2015-01-14 Thread Steven D'Aprano
There are (at least) two ways to determine the type of something in Python:


type(obj)

obj.__class__


By design, they are not guaranteed to give the same result. Is there a
definitive explanation given by the docs for the difference and which you
should use under different circumstances?
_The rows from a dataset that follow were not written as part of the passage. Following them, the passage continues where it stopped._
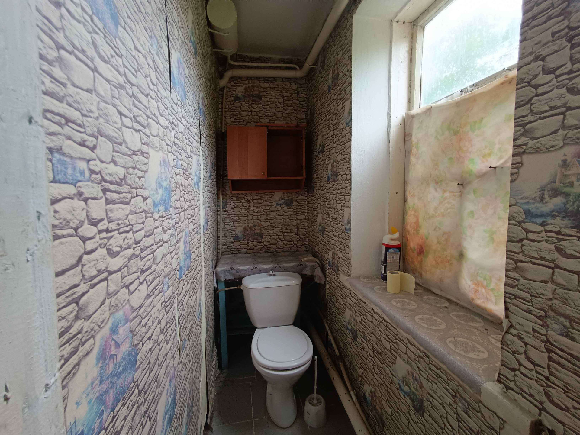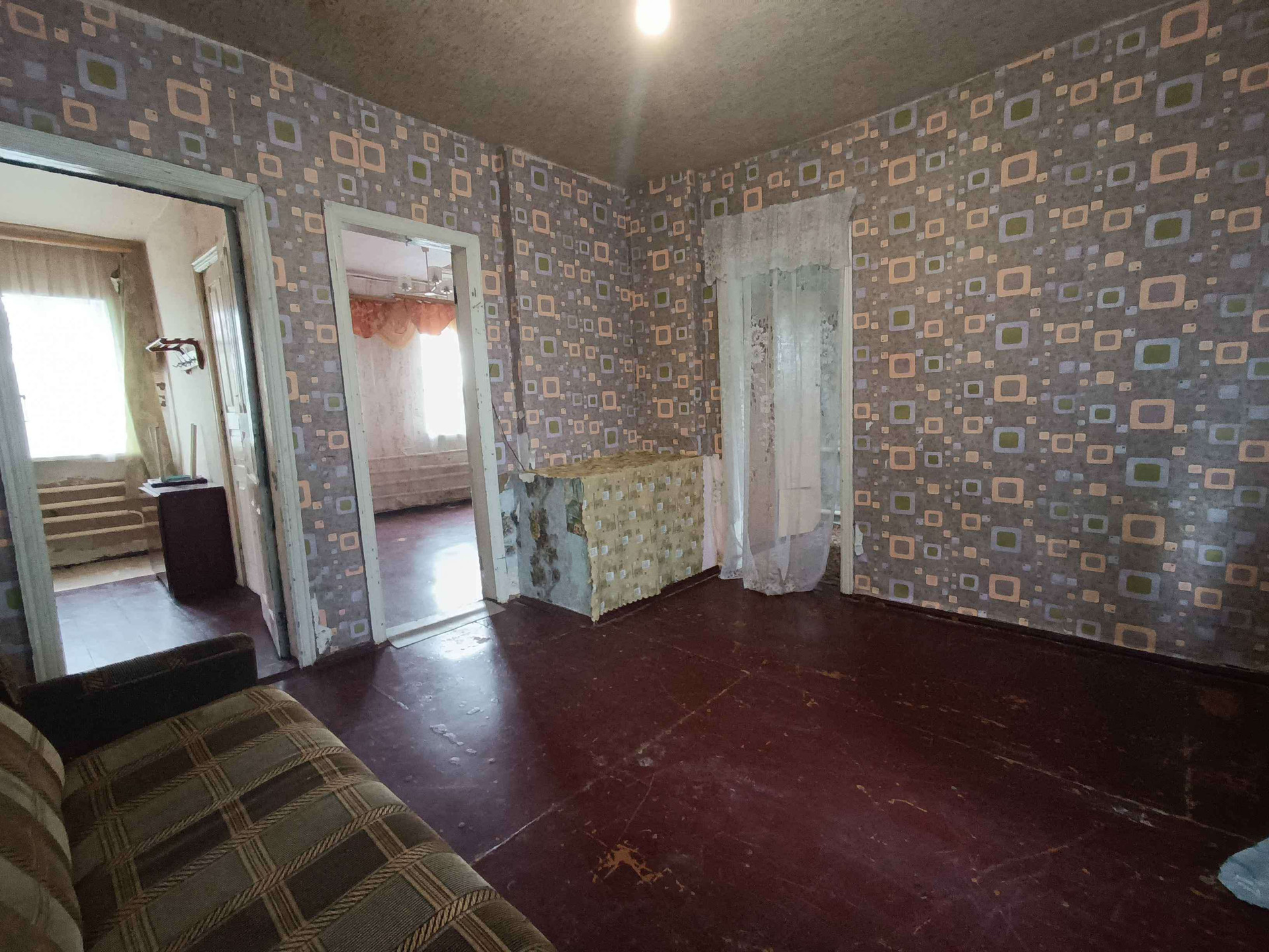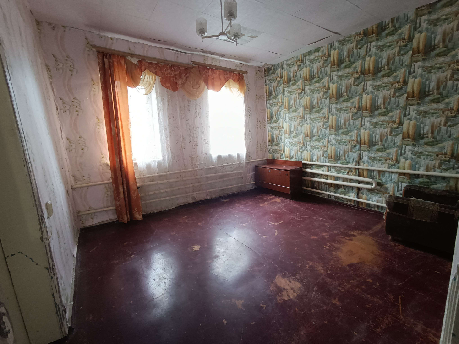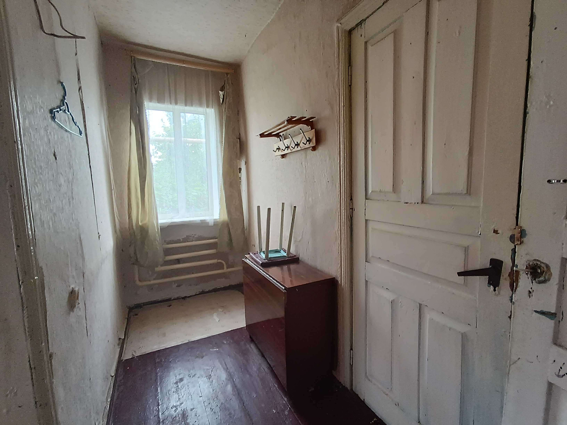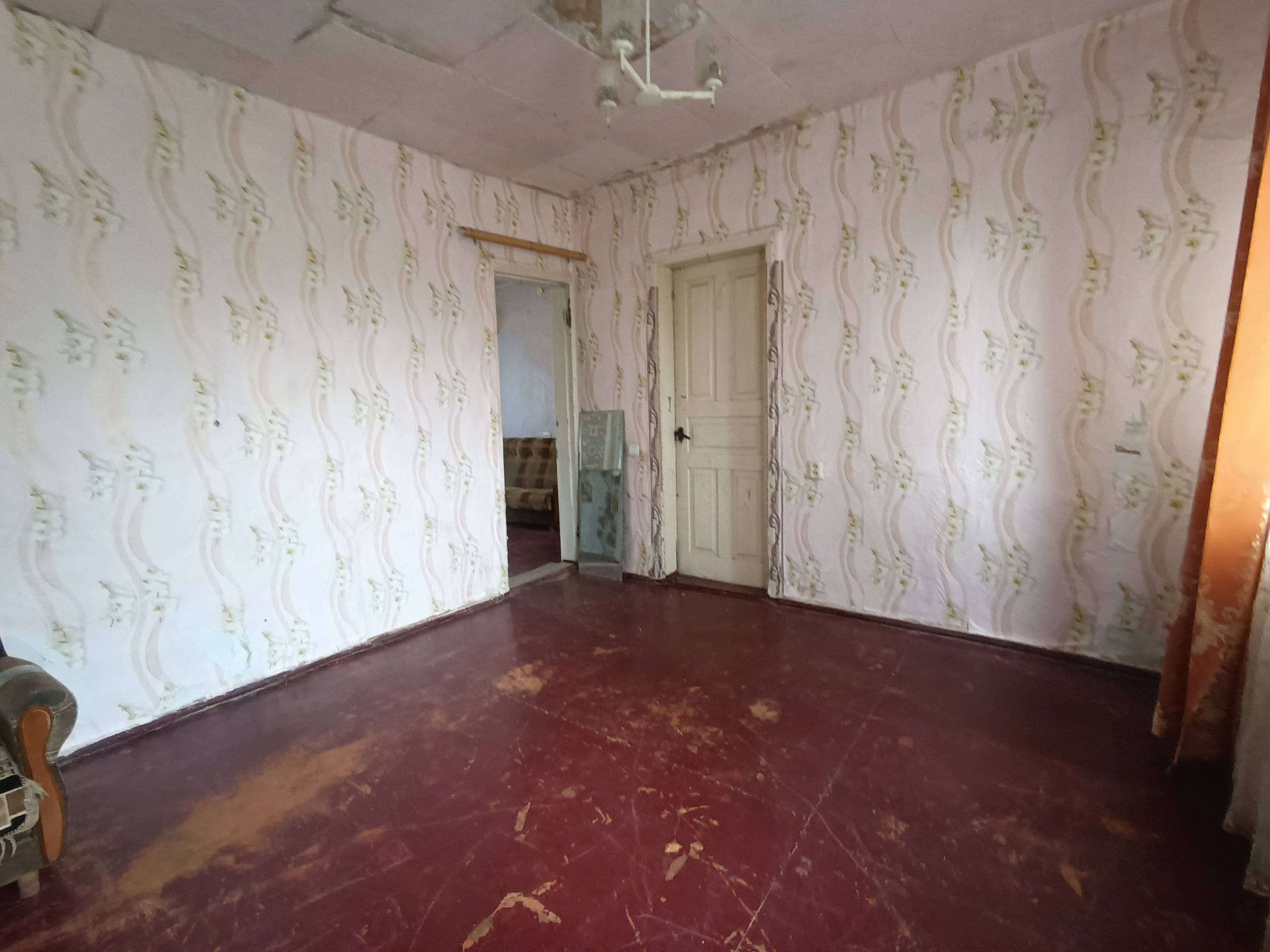 жения,кухни, с/у и коридоров. На стенах обои нейтральных цветов, потолки побелены, полы застелены листами ДВП. На кухне стены оклеены обоями, потолок побелен, полы застелены линолеумом. С/у раздельный, обшит пластиковыми
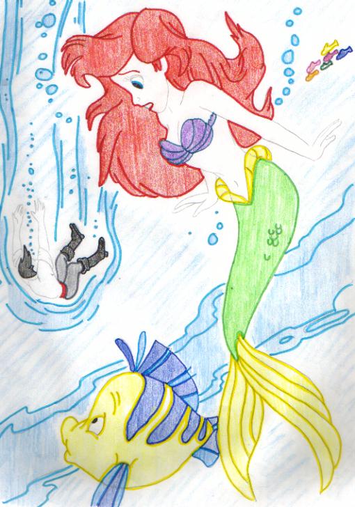 Ariel notices someone drowning! It's Prince Eric! Save him!
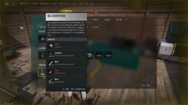 1. 首先玩家在庇护所内放置一个“星尘谐振转换器”。目前“星尘谐振转换器”无需解锁模因,玩家可以在建筑目录下的设施类中找到“星尘谐振转换器”。
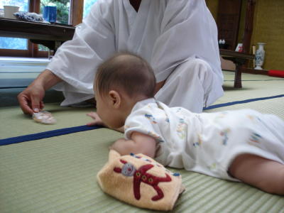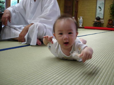 這って進むこつを覚えたようで、欲しいものがあるとどこまでも進んでいく。
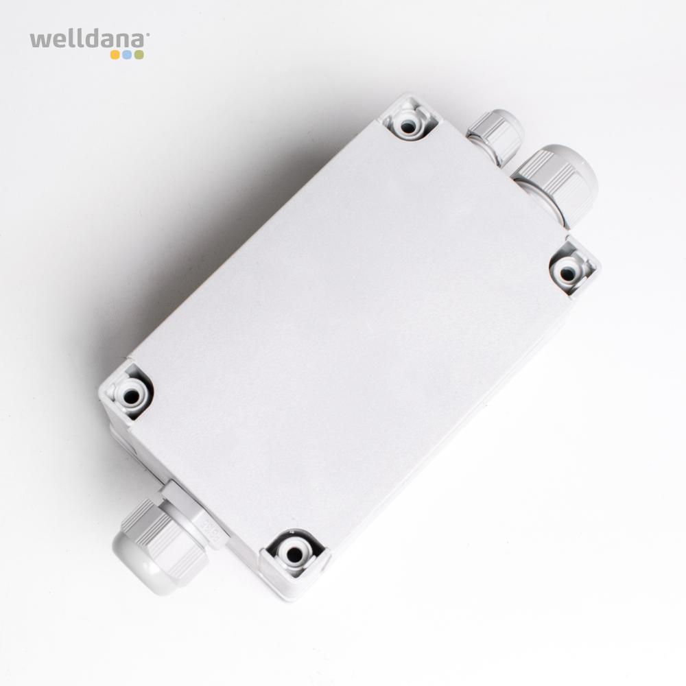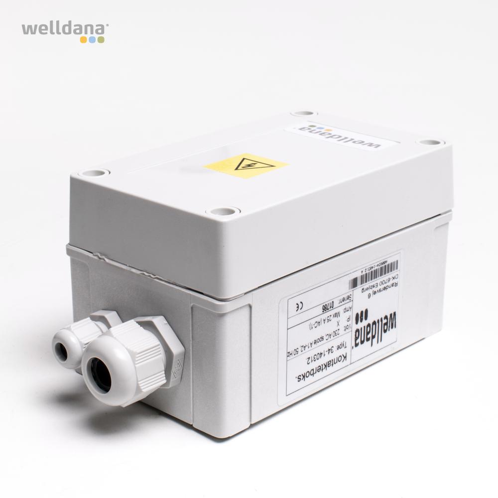 Welldana® Kontakterboks for tilslutning af 230v / 400v elvarmer op til 12 kW. Leveres komplet med PG kabelforskruninger i hvid PVC hus med gummipakning. IPx5 beskytte.
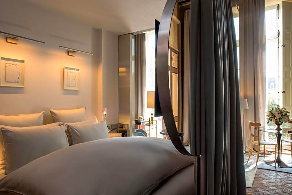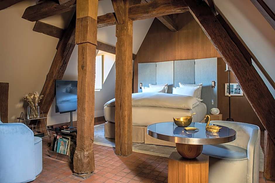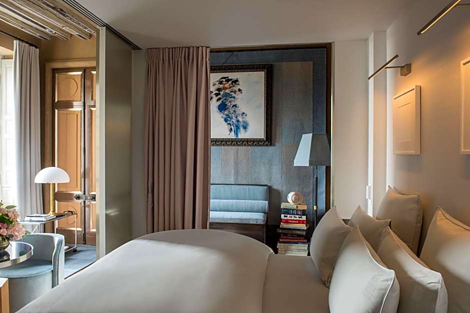 With an amazing view on Place des Vosges and benefiting from 5-yard high ceiling, this Deluxe Suite combines contemporary style with artwork from the 16th century. The king size bed has a steel canopy and the bathroom provides a shower, a bath, Guerlain toiletries and separated toilets. There is a spacious closet and the kitchenette area has an oven, a dishwasher and inductions hobs.
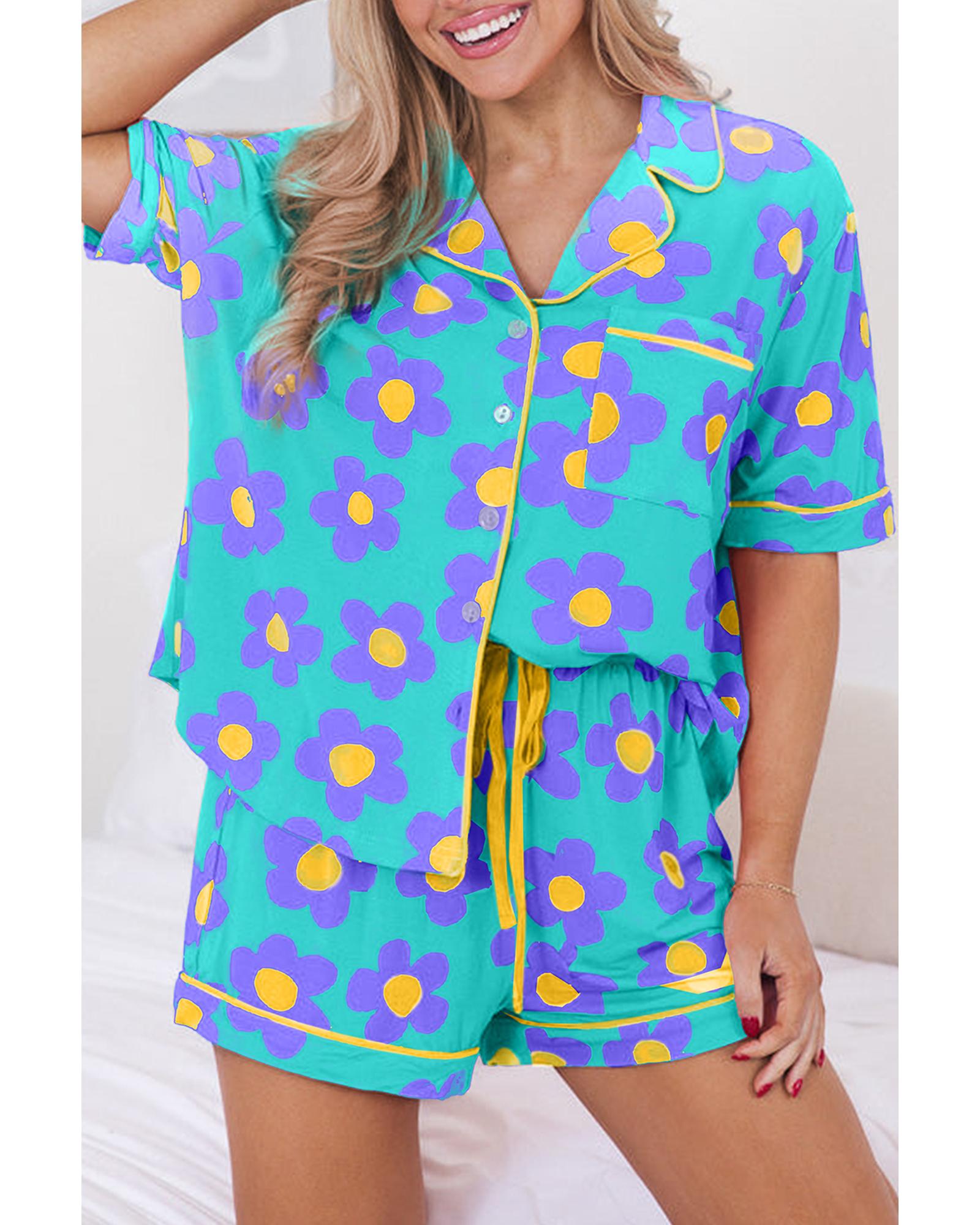 - Green flower print short sleeve pajama set

In Python 2, the type() of classic classes is always the same thing:

py> class A:  # classic class
... def spam(self): return "from A"
...
py> class B:
... def spam(self): return "from B"
...
py> a = A()
py> b = B()
py> a.__class__ is b.__class__
False
py> type(a) is type(b)  # a special type "instance"
True


Writing to __class__ lets you modify the behaviour of the instance:

py> a.spam()
'from A'
py> a.__class__ = B
py> a.spam()
'from B'


New-style classes are different:

py> class C(object):  # new-style class
... def spam(self):
... return "from C"
...
py> class D(object):
... def spam(self):
... return "from D"
...
py> c = C()
py> d = D()
py> c.__class__ is d.__class__
False
py> type(c) is type(d)
False

Like classic classes, you can override the __class__ attribute on instances,
and change their behaviour:

py> c.spam()
'from C'
py> c.__class__ = D
py> c.spam()
'from D'


Any other differences?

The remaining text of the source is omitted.